И тогда он переключает внимание на что-то еще...)
Тесный кабинет Доктора на четвертом этаже заводской поликлиники в этом огромном загазованном городе — и воображаемая ими чистая мягкая зелень полей и лесов. И они, кто как может, кто как умеет и у кого как получается, стараются слить себя с этой воображаемой живительной зеленью, «уйти в нее», надышаться ее целительными запахами и соками и унести их, как здоровье, в себе...
— Только зелень, только мягкая сочная зелень, — еще и еще напоминает им Доктор. — Только мягкий, чистый, ровный зеленый фон...
— Вы одни, вы в широком бескрайнем поле — и вокруг вас зеленая сочная трава. ...Только мягкая, только чистая, только сочная зеленая трава...
— Берите ее в руки, растирайте ее в ладонях, подносите ее к лицу. Вдыхайте ее живые — сырые и сочные запахи, напивайтесь ими, вбирайте в себя ее силу, ее здоровье, ее мудрую и вечную жизнь...
— Только зелень, только мягкая и сочная зелень...
...И он тоже наклоняется над нею, над зримо представленной им зеленой и сырою травой, трогает ее руками, опускается на колени, захватывает обеими руками сколько может и зарывается в нее, прохладную и росную, лицом. И вдыхает, вдыхает и вдыхает ее сочные здоровые запахи, вдыхает и не может никак надышаться, не может напиться ее зелеными соками до конца...
Всегда: и бывало мальчишкой, и после — всю жизнь любит он эти вот сладковатые запахи зеленой живой травы, любит, раздернув стебли еще зеленой пшеницы, жевать их и высасывать из них сок.
Может, и поэтому тоже любит он особенно эту часть ежедневного их сеанса — и верит, с каждым занятием собственным своим самочувствием верит в целительное действо этих воображаемых зеленых картин.
...Хотя, понятно, — кто ж ему скажет: что́ именно, какой терапевтический эффект заключен хотя бы вот в этом:
Наверное, пяти- или шестиклассник, босоногий, с матерчатой сумкой через плечо, идет и идет он сейчас, по невидимой почти в зелени тропке школьников, в самую глубь их ржаного или пшеничного поля, в самую глубь...

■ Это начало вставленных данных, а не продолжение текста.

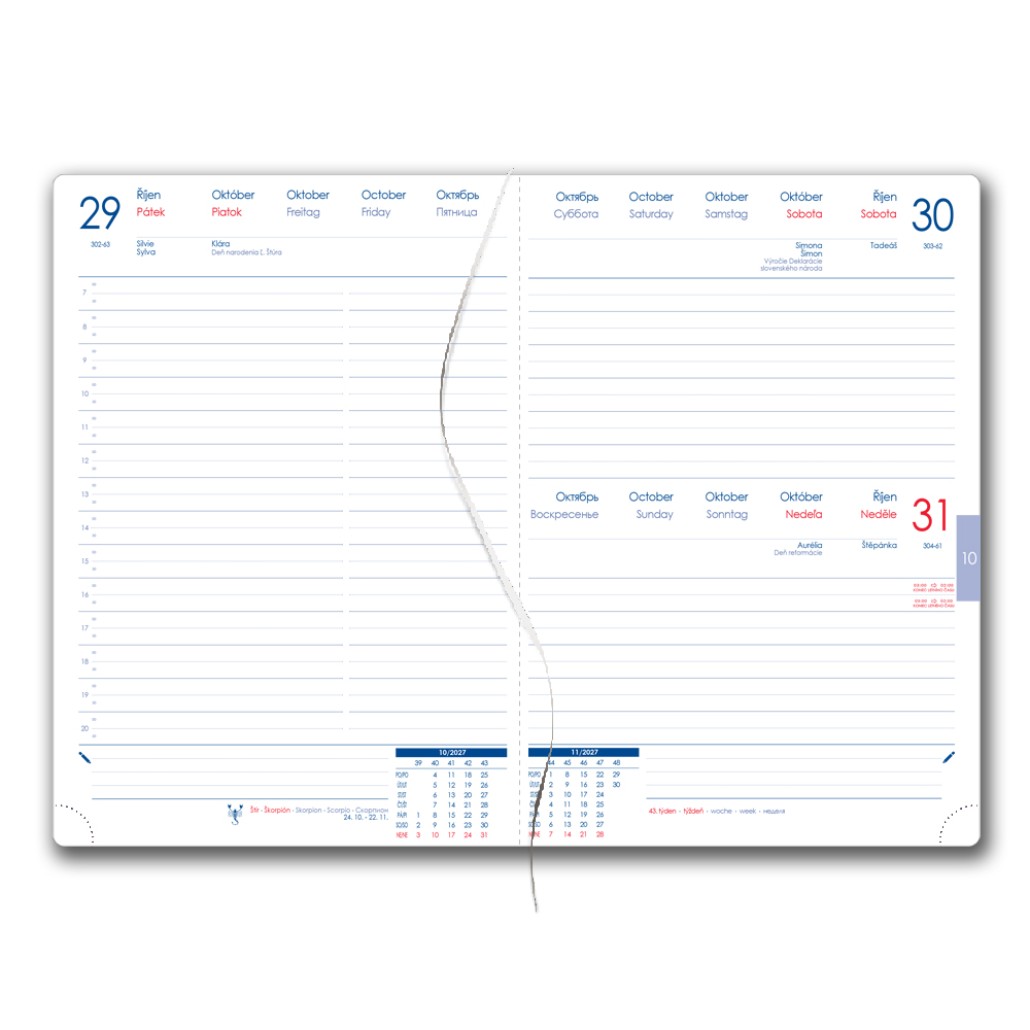 Diár obsahuje: okrúhle odtrhávacie rožky a bielou záložku
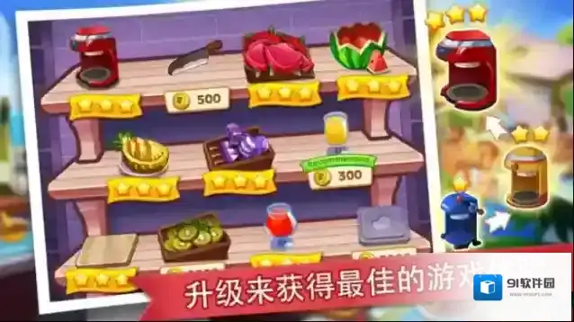 3、玩家还能利用闯关收集到的金币来不断升级自己的道具,让餐厅制作美食的效率更高,赚更多的金币!

Да, и это тоже на каждом сеансе, абсолютно на каждом сеансе — и без всякого его намеренного старания и напряжения. В стороне по правую руку — погост и темный дубовый крест, где похоронена мать, а прямо по пути — голубое зеленое поле. И вот туда, в зелень высоких хлебов, все дальше и дальше и уходит он, тот далекий мальчишка. Все дальше и дальше. И один. Все идет и идет.
Уходит куда-то один, в какую-то свою неизвестность, может быть, даже в смутном предчувствии таких вот минут откровений, таинства будущих разрешений всех невысказанных болей своих и всех грез...
И он же, он же, он нынешний, взрослый, сорокалетний, стоит и смотрит, смотрит ему вослед...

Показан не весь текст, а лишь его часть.